The South's Handling Of Coronavirus Could Be 'A Macabre Game Of Whack-A-Mole'
Some Southern states, including Georgia and South Carolina, are among the first in the country to ease restrictions to try get back to business despite factors that make the South particularly vulnerable to the coronavirus pandemic.
And pressure is mounting on other Southern governors to get their economies back up and running. Outside the Alabama Capitol this week, a few dozen protesters drove by honking their horns, chanting "freedom" and demanding to get back to work
Republican Gov. Kay Ivey has issued a stay-at-home order through April 30.
Paralegal Melissa Kirby from Athens, Ala., says she has had enough.
"If she was worried about safety, she could let the people who are actually in danger self-quarantine, wash their hands more," Kirby says. "But to force businesses to shut down, that's not her call."
From inside the Capitol, Ivey says that no one wants to open the economy more than she does, but that the state must first increase its testing capacity.
"Remember all of our decisions that I'm going to make are based on data, not desired date," Ivey says.
She is taking a more cautious approach than are neighboring states Georgia, Tennessee, Florida, and Mississippi, where Republican governors have all moved to reopen at least parts of their economies.
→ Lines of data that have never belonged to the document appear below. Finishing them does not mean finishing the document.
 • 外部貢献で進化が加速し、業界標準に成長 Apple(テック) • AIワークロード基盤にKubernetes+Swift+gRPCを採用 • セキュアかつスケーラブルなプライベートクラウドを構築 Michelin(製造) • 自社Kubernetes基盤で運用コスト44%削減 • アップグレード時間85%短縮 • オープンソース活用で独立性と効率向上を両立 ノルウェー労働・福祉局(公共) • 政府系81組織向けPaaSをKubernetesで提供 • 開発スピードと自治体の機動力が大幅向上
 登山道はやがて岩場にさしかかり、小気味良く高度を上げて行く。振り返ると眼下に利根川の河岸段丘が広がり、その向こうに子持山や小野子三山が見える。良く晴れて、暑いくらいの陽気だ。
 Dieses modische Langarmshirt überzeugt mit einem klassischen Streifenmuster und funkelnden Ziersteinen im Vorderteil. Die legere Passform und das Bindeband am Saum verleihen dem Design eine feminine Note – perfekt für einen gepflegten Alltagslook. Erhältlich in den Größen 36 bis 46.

"I think that we could be heading for a macabre game of whack-a-mole," says Thomas LaVeist, dean of the School of Public Health and Tropical Medicine at Tulane University in New Orleans. He worries that Louisiana — an early hot spot for COVID-19 — could see a resurgence in cases as surrounding states ease restrictions.
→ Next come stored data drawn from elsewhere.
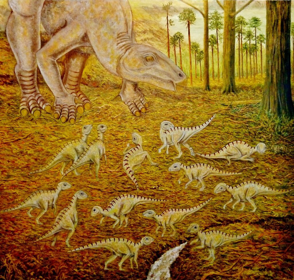 Reconstrucción de una posible guardería de Iguanodon galvensis en el entorno de Galve hace 127-129 millones de años. Créditos: Rafael Arrabal.
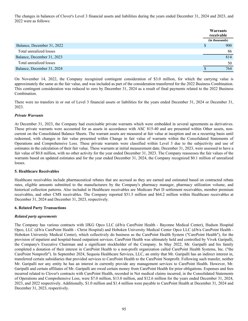 Clover的Level3金融资产和负债在截至2024年12月31日和2023年以及2022年12月31日止年度的余额变动情况如下:应收认股权证(千)余额,2022年12月31日900美元未实现亏损总额86余额,2023年12月31日814未实现亏损总额50余额,2024年12月31日764美元2022年11月14日,公司确认或有对价300万美元,账面价值与公允价值大致相同,并作为2022年业务合并转让对价的一部分计入。由于与2022年业务合并相关的最终付款,这一或有对价在2024年12月31日前降为零。截至2024年12月31日或2023年12月31日止年度,并无转入或转出第3级金融资产或负债。私募认股权证于2023年12月31日,公司有可行使的私募认股权证作为衍生工具嵌入若干协议中。这些私募认股权证是根据ASC 815-40作为资产入账的,并在其他资产中列报,在合并资产负债表上是非流动的。认股权证资产在开始时按公允价值计量,并在赎回前按经常性基准计量,公允价值变动在综合经营和综合损失报表的认股权证公允价值变动中列报。这些私人认股权证因其公允价值计算的主观性和使用估计而被划入第3级。这些认股权证在初步计量日期2023年12月31日经评估公允价值为0.8百万美元,截至2023年12月31日止年度没有其他活动。公司根据更新后的估计重新评估认股权证的公允价值,截至2024年12月31日止年度,公司确认了10万美元的未实现亏损。5.医疗保健应收款医疗保健应收款包括在赚取时计提的药品回扣,并根据合同规定的返点率、公司药房经理提交给制造商的合格金额、药房使用率和历史收款模式进行估计。医疗保健应收款中还包括医疗保险D部分结算应收款、会员保费应收款以及其他CMS应收款。该公司在2024年12月31日和2023年12月31日分别报告了5150万美元和6420万美元的医疗保健应收账款。6.关联交易关联方协议公司与IJKG Opco LLC(d/b/a CarePoint Health-Bayonne Medical Center)、Hudson Hospital Opco,LLC(d/b/a CarePoint Health-Christ Hospital)和Hoboken University Medical Center Opco LLC(d/b/a CarePoint Health-Hoboken University Medical Center)共同作为CarePoint Health System(“CarePoint Health”)开展业务,提供住院和以医院为基础的门诊服务。CarePoint Health最终由公司执行主席、公司重要股东Vivek Garipalli持有和控制。2022年5月,Garipalli先生和他的家人完成了将他们在CarePoint Health的权益捐赠给一家名为CarePoint Health Systems,Inc.(“CarePoint Nonprofit”)的非营利组织。2024年9月,Garipalli先生间接拥有权益的实体Sequoia Healthcare Services,LLC将为CarePoint Health提供服务的某些子公司转让给CarePoint NonProfit。在这种转移之后,Garipalli先生和他目前感兴趣的任何实体都没有向CarePoint Health提供任何管理服务。然而,Garipalli先生和Garipalli先生的某些关联公司被CarePoint Health拖欠一定的款项,用于先前的义务。截至2024年、2023年和2022年12月31日止年度,与Clover与CarePoint Health的合同相关的费用和费用分别为700万美元、1300万美元和1260万美元,这些费用和费用记录在合并运营和综合损失报表的净医疗索赔中。此外,分别于2024年12月31日和2023年12月31日向CarePoint Health支付了100万美元和140万美元。95
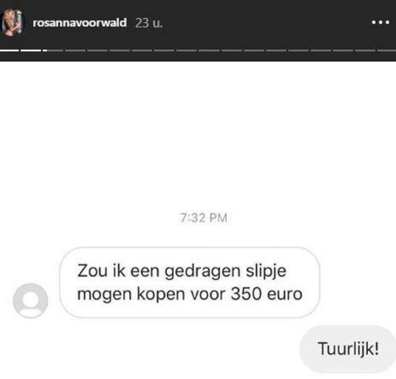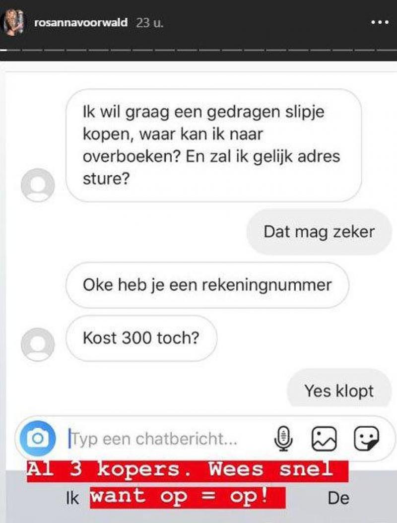 Bekendheid kan je heel wat centjes opleveren. Dat bewijst althans Rosanna Voorwald, die in 2017 met haar vriend Niels van der Zanden (29) meedeed aan Temptation Island'. De 27-jarige blondine kondigde via Instagram aan dat ze heel wat gedragen slipjes en beha's verkoopt.

"Unless the states in the South can coordinate the way the states in the North, East, the West, and the upper Midwest are striving to do, we're going to have problems," he says.
LaVeist says longstanding policy decisions, and population characteristics in the South already put the region at risk in a health pandemic. He points to high poverty rates, large numbers of uninsured residents, lower minimum wages, and general health and well-being measures.
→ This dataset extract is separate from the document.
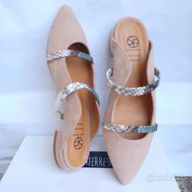 Ballerine Sandro Ferrone, color cipria con inserti in pitone, numero 38, materiale vellutino con plantare in vera pelle. Usate una volta x matrimonio.
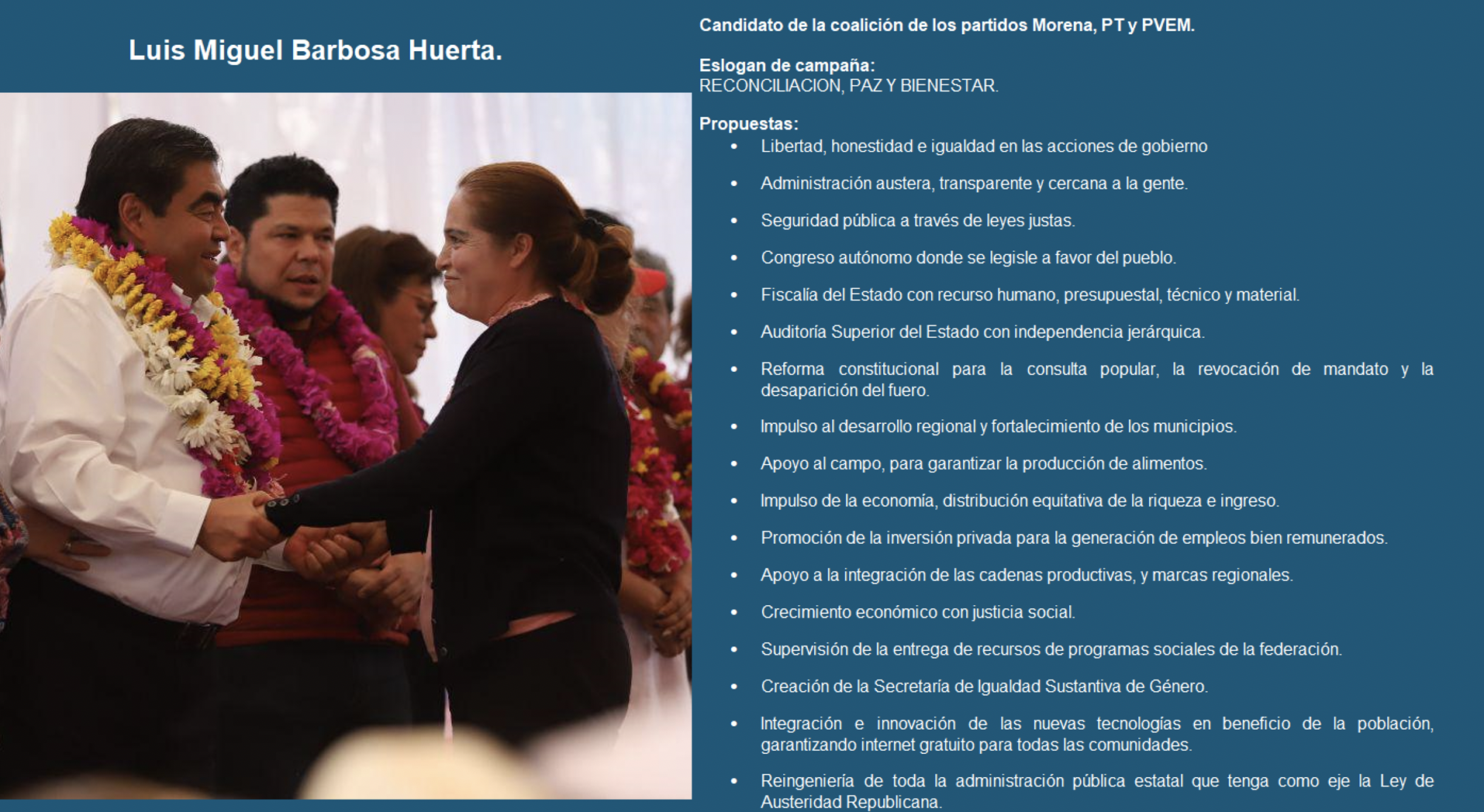 PERFIL DE LUIS MIGUEL BARBOSA HUERTA: Candidato de la coalición de los partidos Morena, PT y PVEM.

"The South is the epicenter for health inequities in this country," LaVeist says. "We call the South the stroke belt — higher rates of all kind of chronic conditions."
Conditions such as high blood pressure, diabetes, obesity and kidney disease have all been identified as factors in COVID-19 deaths.
LaVeist says rural communities in the South are not really resourced to manage an outbreak given the number of rural hospitals that have closed or downsized in recent years.
"You add all of that together and you've got sort of this toxic mix of political decisions, policy decisions, resource limitations that just create an opportunity for a pandemic to really just rage in the South," LaVeist says.
Another disturbing trend is the high proportion of coronavirus cases and deaths among African-Americans.
The early evidence of that is from Louisiana, where the death toll has now surpassed that of Hurricane Katrina. African-Americans make up 56% of reported COVID deaths, but just about one-third of the state's population. Other Southern states show similar disproportionate impacts on African-American residents.
In New Orleans, there are clusters of cases in predominantly black neighborhoods where people mostly work in the tourism industry.
"This virus has exposed the social and economic fragility of working families," says New Orleans Mayor LaToya Cantrell.
She points to a "tyranny of policies" that leaves families without a living wage or access to health care.
"All of this is embedded in really what we're seeing across the board in the city of New Orleans," Cantrell says. "And really the state of Louisiana is on the front line as it relates to these matters"
Southern states are also subject to natural disasters. This month, there have been deadly tornadoes and flash floods; hurricane season starts June 1; and there's spring flooding on the Mississippi River.
In the river town of Greenville, Miss., Mayor Errick Simmons says they're still reeling from record floods last year with some residents still displaced.
"In a city that has a 38.6% poverty rate, this COVID-19 is exacerbating all of the issues that we're having," Simmons says. "The acute nature of the pandemic's economic downturn is felt more here than many other places."
Simmons says demand at food pantries and soup kitchens has nearly tripled in the Mississippi Delta.
Regionwide, eight of the 10 states with the biggest jumps in unemployment claims are in the South.
The pandemic is also renewing calls for expanding Medicaid coverage. Nine of the 14 states that did not expand Medicaid under the Affordable Care Act are in the South. Of them, Texas has the highest number of uninsured residents.
Rep. Colin Allred, D-Texas, fears those numbers are on the rise based on calls to his office from constituents who have lost their jobs and their health insurance.
"So now, more than ever, we need to push to expand Medicaid," he says. "To provide a backstop to our health care coverage for many working people who desperately need it."
Allred, whose congressional district includes the Dallas area, is pushing legislation that would offer more federal money to states that expand Medicaid, in an effort to sway mostly Republican legislatures and governors to reconsider their repeated rejection of a key part of Obamacare.
Sen. Doug Jones, D-Ala., is behind the bill. He says expanding Medicaid would help protect everyone in these uncertain times.
"The thing that this pandemic has really brought home to people is that our health is dependent on our neighbors health more than we like to have thought about in the past," Jones says.